La joven no se sentía capaz de hacerlo: estaba avergonzada y, aunque era muy joven, tenía muy claro que en su vida no quería seguir los pasos de su padre. No quería estafar a la gente de buena voluntad, no quería aprovecharse de su inocencia... Pero hasta que el rumbo de su vida cambiase tenía que sobrevivir y, a su pesar, eso la devolvía de nuevo a la pequeña habitación en la que malvivía con el resto de su familia.

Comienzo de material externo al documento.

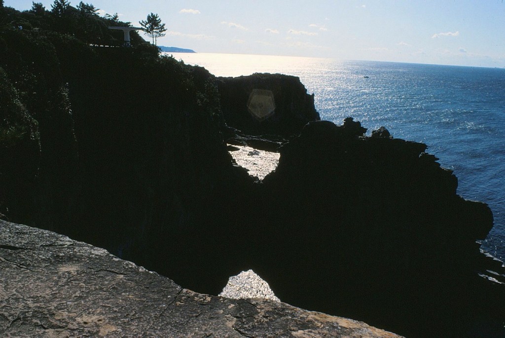 [“Engetsuto” is a small island in Rinkai-ura Ocean in Shirahama-cho. The name “Engetsuto” means “Island of the full moon”, and is a nickname given to the island, inspired by the moon-like round hole in the center of the island. The island’s official name is “Takashima”. The island measures 130 meters (from south to north), 35 meters (from east to west), and 25 meters (in height). The hole measures 9 meters (in height) and 8 meters (in width) (thegate12.com).]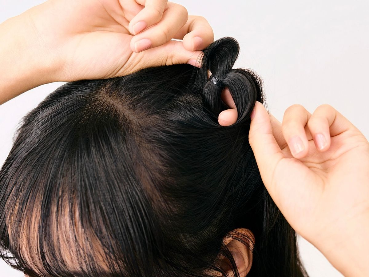 ③ 毛束をふたつに分けててにもち、結び目をぎゅっとゆっくり引きしめたらできあがり☆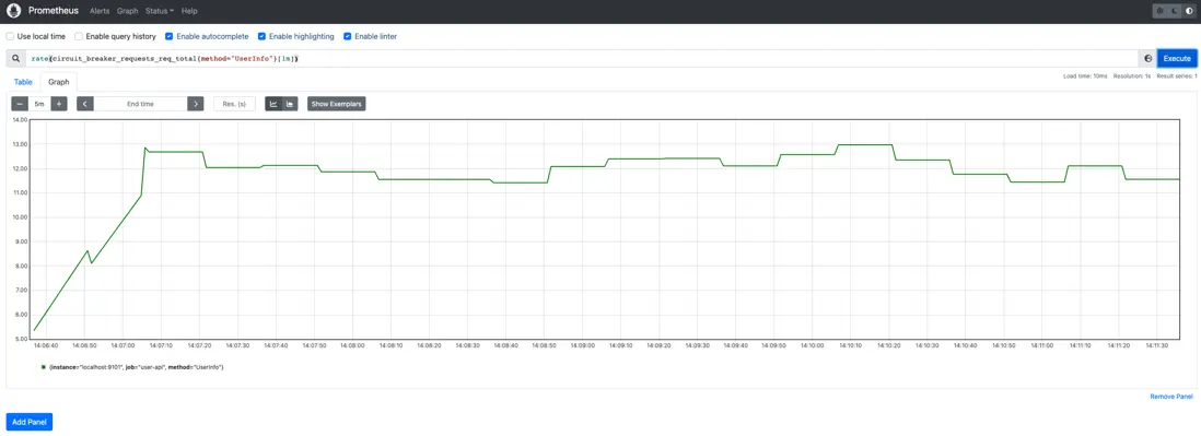 googleBreaker熔斷器的正常請求率如下圖所示: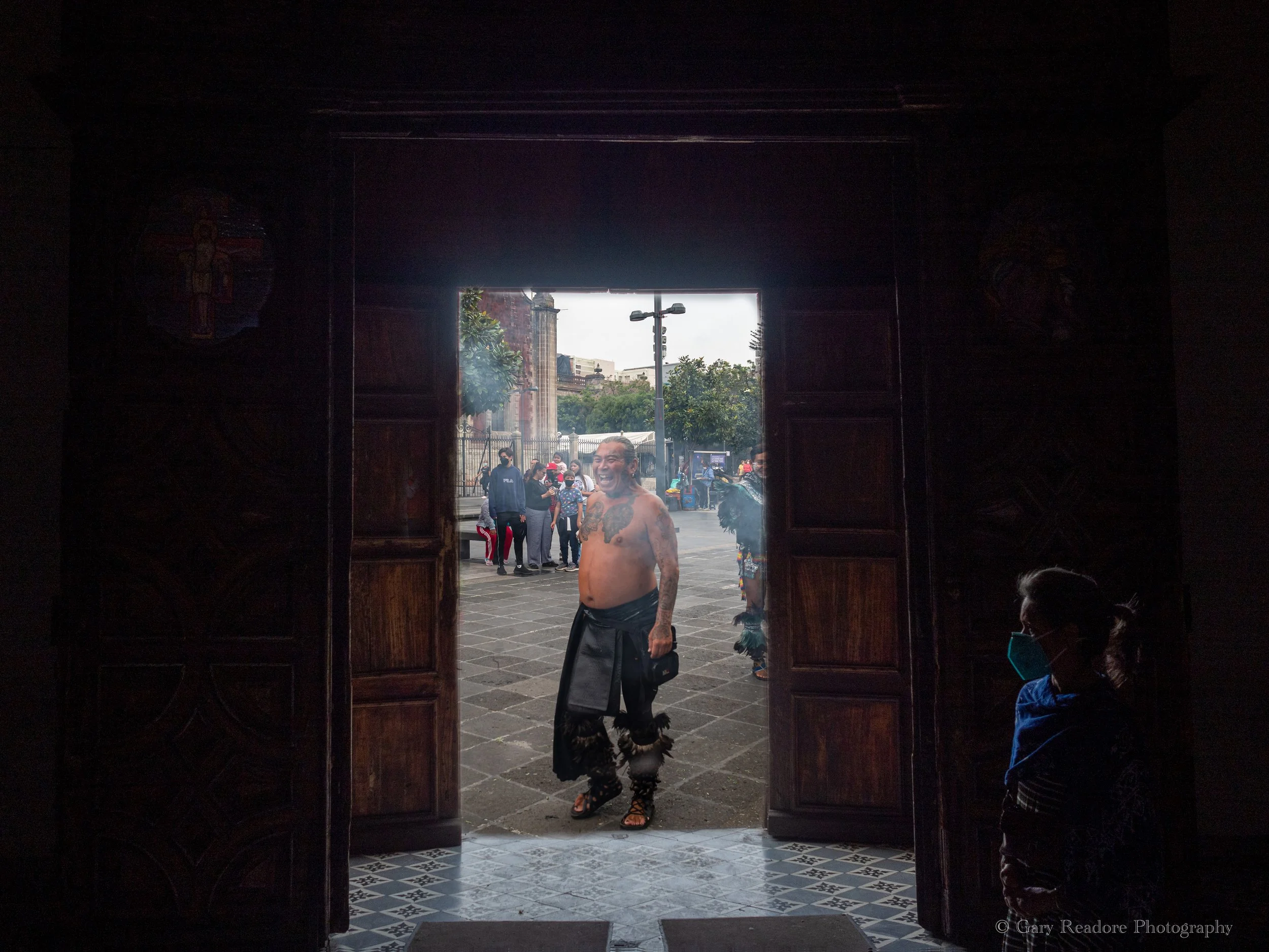 Mexico City photo manipulation. Masked woman inside Catholic church during Covid and Mexcian traditional native healer with face uncovered outside church door. Quite a juxtaposition!

Eponine observó a un grupo de jóvenes muy bien vestidos que salían de la universidad, charlando animadamente: casi podía sentir la mirada de su padre, quien no se hallaba muy lejos del lugar vigilándola, clavada en su nuca instándola a que se moviera de una vez e hiciera algo de provecho por su familia en vez de quedarse ahí parada como un pasmarote. La chica se mordió el labio inferior y ocultó mejor su melena azabache bajo la gorra que siempre vestía: durante meses había ensayado con su padre cómo disfrazarse de pillastre para despistar a sus "contribuyentes". Eponine deseó en silencio que aquella sólo fuera la primera vez de muy pocas a las órdenes de su padre.

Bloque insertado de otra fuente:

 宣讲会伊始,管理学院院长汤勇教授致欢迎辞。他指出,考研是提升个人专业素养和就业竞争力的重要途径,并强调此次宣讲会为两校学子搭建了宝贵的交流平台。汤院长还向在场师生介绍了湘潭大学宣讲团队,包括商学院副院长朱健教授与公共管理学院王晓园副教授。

Finalmente, dobló la esquina, encaminándose con las manos en los bolsillos hacia la plaza, donde ya había una pequeña multitud congregada. La chica estaba nerviosa, pero procuraba que no se le notara ya que eso solamente le serviría para llamar la atención y eso no le convenía. Alzando la mirada del suelo pavimentado, Eponine observó a la gente de su alrededor, como si estuviera esperando a alguien en particular y no analizando a sus posibles objetivos. Descartó inmediatamente a las señoras mayores y a las madres que iban con niños: no estaba dispuesta a caer tan bajo y ser tan ruin como su padre.

Fue entonces cuando le vió: un chico rubio algo mayor que ella, elegantemente vestido con chaqueta y chaleco se estaba despidiendo del que parecía ser su grupo de amigos. Tenía el cabello rubio tostado y le caía en leves ondulaciones hasta casi los hombros. Portaba una cartera bajo el brazo. Ése fue el detalle que llamó la atención de Eponine: ese joven iba a ser su objetivo perfecto, no tenía una complexión desvalida sino fuerte y, si se diera el caso, podría defenderse en igualdad de condiciones. Aún así la idea de robarle no le gustaba un pelo, pero no tenía otro remedio.

Eponine tomó aire y esperó a que el chico se acabara de despedir de aquel grupo de jóvenes, algo que hizo a regañadientes, ya que el resto de chicos no paraba de llamarle, haciendo que se diera la vuelta y regresara junto a ellos para añadir algo más. Aquellos chicos eran algo pesados, por lo que les oía decir podía saber que ninguna de las razones por las que llamaban de regreso al chico rubio eran de peso, sino para compartir nuevas bromas y tener unos momentos de colegueo. Tuvo que aguardar un poco más pero, finalmente, el joven se despidió de ellos y comenzó a caminar por una calle aparte que no estaba demasiado transitada, portando un libro entre sus manos al que estaba prestando mucha atención.

Esperó hasta que éste se encontró más o menos a mitad de camino y entonces, y sólo entonces, Eponine Thenardier echó a correr hacia él con toda la fuerza de sus piernas. Aquel chico era un inocente, no pudo evitar pensar Eponine a medida que se acercaba a él, seguramente estaba haciendo mucho ruido en su recorrido, pero él no parecía advertirla, totalmente enfrascado en las palabras que estaba leyendo. Cuando por fin lo tuvo a su alcance, Eponine pasó por su lado y únicamente le bastó un brusco tirón para arrebatar al chico la cartera que éste llevaba bajo el brazo.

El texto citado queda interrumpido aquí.